En parlant ainsi, la vieille, qui avait servi de cicérone à sa voisine, traversa le parvis de Sainte-Inès et coudoyant celui-ci, bousculant celui-là, elle entra dans le temple et se perdit au milieu de la foule qui se pressait à la porte.

 

 

 

II

 

 

L’église était éclairée avec une profusion extraordinaire. Les flots de lumière qui tombaient des autels pour remplir l’enceinte, rejaillissaient en étincelles sur les riches parures des dames qui, agenouillées sur des coussins de velours apportés par leurs pages, prenant un livre d’heures des mains de leurs duègnes, formaient un cercle brillant autour de la grille du maître-autel. Près de cette même grille, enveloppés dans leurs manteaux galonnés d’or, laissant entrevoir, avec un sans-façon étudié, leurs décorations rouges et vertes, tenant d’une main le feutre dont les plumes frôlaient le tapis, de l’autre la garde polie d’un estoc, ou le pommeau ciselé d’un poignard qu’ils caressaient, les vingt-quatre et presque toute la noblesse sévillane semblaient former un mur, destiné à défendre leurs filles et leurs femmes du contact de la multitude.

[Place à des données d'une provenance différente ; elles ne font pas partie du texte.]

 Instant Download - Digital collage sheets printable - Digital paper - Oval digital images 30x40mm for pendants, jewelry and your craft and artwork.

Celle-ci s’agitait au fond de la nef, avec un bruit pareil à celui d’une mer orageuse, quand une exclamation de joie, accompagnée des sons discordants des sonajas et des tambours de basque, éclata, en voyant apparaître l’archevêque qui, une fois assis près du maître-autel, sous un dais écarlate, au milieu de ses familiers, bénit le peuple par trois fois.

L’heure de commencer la messe était sonnée.

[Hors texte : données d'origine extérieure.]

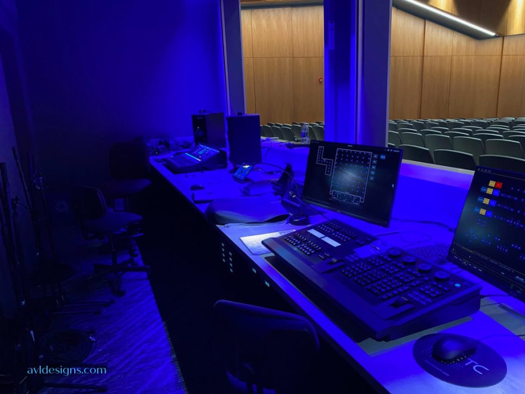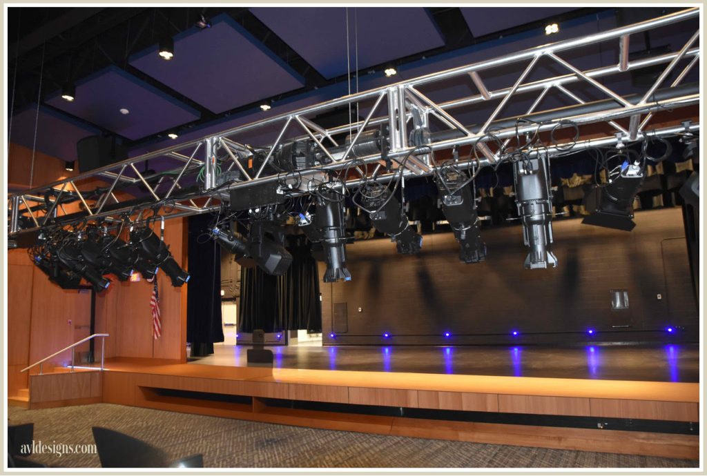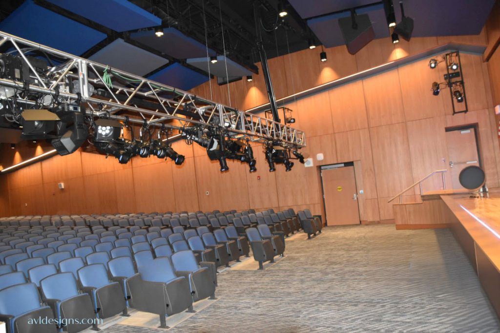 The new lighting system consists of all LED fixtures from ETC, and VariIight. The new audio system includes a digital console from Allen and Heath, loud speakers from Fulcrum Acoustics, control systems from Crestron, wireless microphones from Sennheiser digital, projection from Panasonic, PTZ camera from Panasonic and many other products. The auditorium was just commissioned in the third week of January 2025 and will be put to good use for shows starting in the spring.

Il s’écoula, cependant, quelques minutes et l’officiant n’apparaissait pas ; déjà la foule s’agitait et témoignait son impatience ; les chevaliers échangeaient entre eux quelques mots à mi-voix ; l’archevêque envoya un de ses valets à la sacristie pour s’informer du motif qui retardait la cérémonie.

– Maître Pérez est tombé malade, très malade et il lui sera impossible de venir à la messe de minuit.

Telle fut la réponse du valet.

La nouvelle se répandit aussitôt dans la foule, et produisit sur tout le monde un effet si désagréable qu’il serait impossible de l’exprimer. Il suffit de dire qu’on remarqua dans le temple une telle agitation, que le corrégidor, s’étant levé, resta debout, et que les alguazils vinrent se mêler aux flots de la multitude pour rétablir le silence.

Dans ce moment, un homme mal bâti, sec, osseux et louche, par surcroît, s’avança jusqu’au siège occupé par le prélat.

– Maître Pérez est malade, dit-il, la cérémonie ne peut commencer ; si vous voulez, je tiendrai l’orgue en son absence. Maître Pérez n’est pas le seul organiste du monde et, à sa mort, on ne cessera pas de faire usage de cet instrument, faute d’un homme habile.

L’archevêque fit de la tête un signe d’adhésion. Déjà quelques fidèles, sachant que cet étranger était un organiste envieux et l’ennemi de celui de Sainte-Inès, commençaient à témoigner hautement leur dégoût de sa conduite, quand, tout à coup, éclata sur le parvis un bruit épouvantable : « Maître Pérez est là ! maître Pérez est là ! »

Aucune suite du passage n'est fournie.